::: Information supplied :::

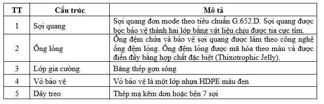 - Sợi quang được dùng là loại đơn mode – chiết suất bậc và là vật liệu thuỷ tinh chất lượng cao (Theo khuyến nghị ITU-T G.652.D và TCVN 8696: 2011).
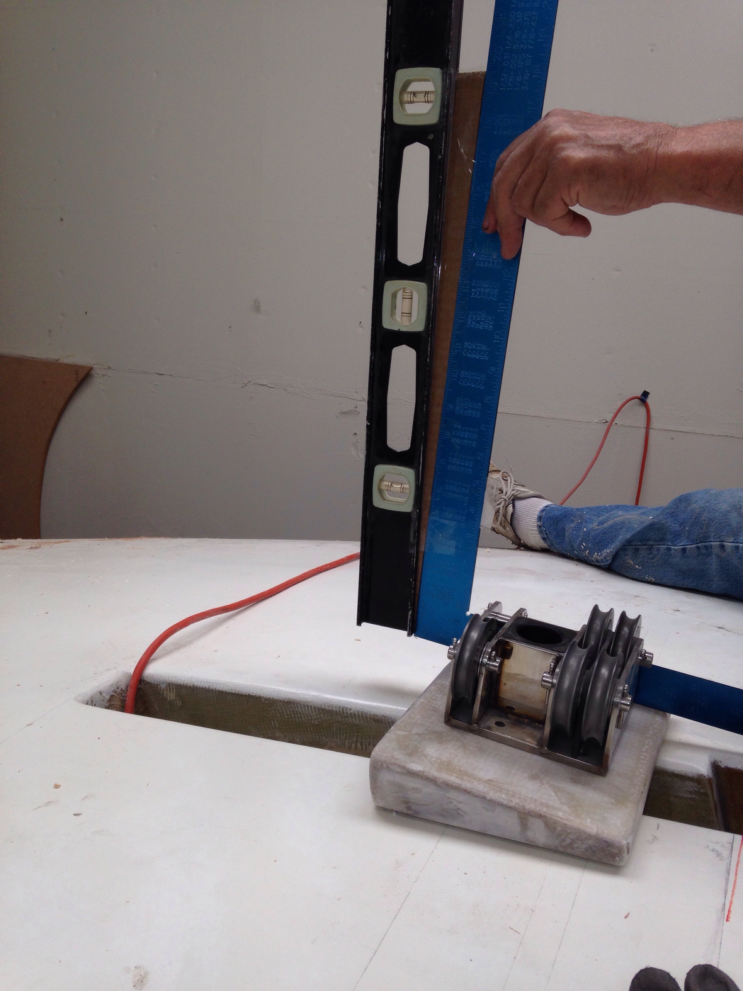 Not talking about Kevin Bacon here, but rather the need to rake the mast back three degrees from vertical. This tilt of the mast helps the sailing responsiveness and has been factored in to the exact mainsail shape (which is under construction in Maine right now). So we need to get this right.
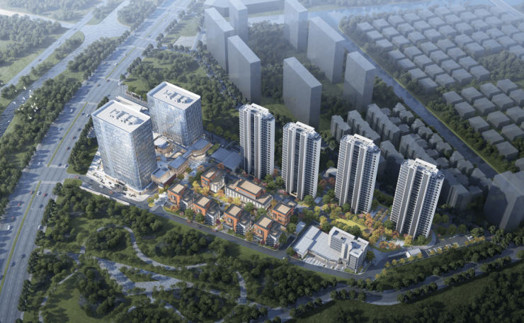 这7栋低层应该不是住宅。因为从之前的彩平图来看,4栋高层和北侧的低层建筑,地面铺装有明显不同。在综合技术经济指标中,显示还有“花园办公”,大概率说的就是这几栋商墅。另外,地面上还有十几个停车位,非人车分流。
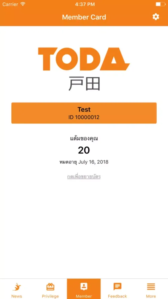 แอพพลิเคชั่นสำหรับสมาชิก Toda

:::

The task>
Each line of the data needs to be output exactly, with any image excluded.

Your solution>
 - Sợi quang được dùng là loại đơn mode – chiết suất bậc và là vật liệu thuỷ tinh chất lượng cao (Theo khuyến nghị ITU-T G.652.D và TCVN 8696: 2011).
 Not talking about Kevin Bacon here, but rather the need to rake the mast back three degrees from vertical. This tilt of the mast helps the sailing responsiveness and has been factored in to the exact mainsail shape (which is under construction in Maine right now). So we need to get this right.
 这7栋低层应该不是住宅。因为从之前的彩平图来看,4栋高层和北侧的低层建筑,地面铺装有明显不同。在综合技术经济指标中,显示还有“花园办公”,大概率说的就是这几栋商墅。另外,地面上还有十几个停车位,非人车分流。
 แอพพลิเคชั่นสำหรับสมาชิก Toda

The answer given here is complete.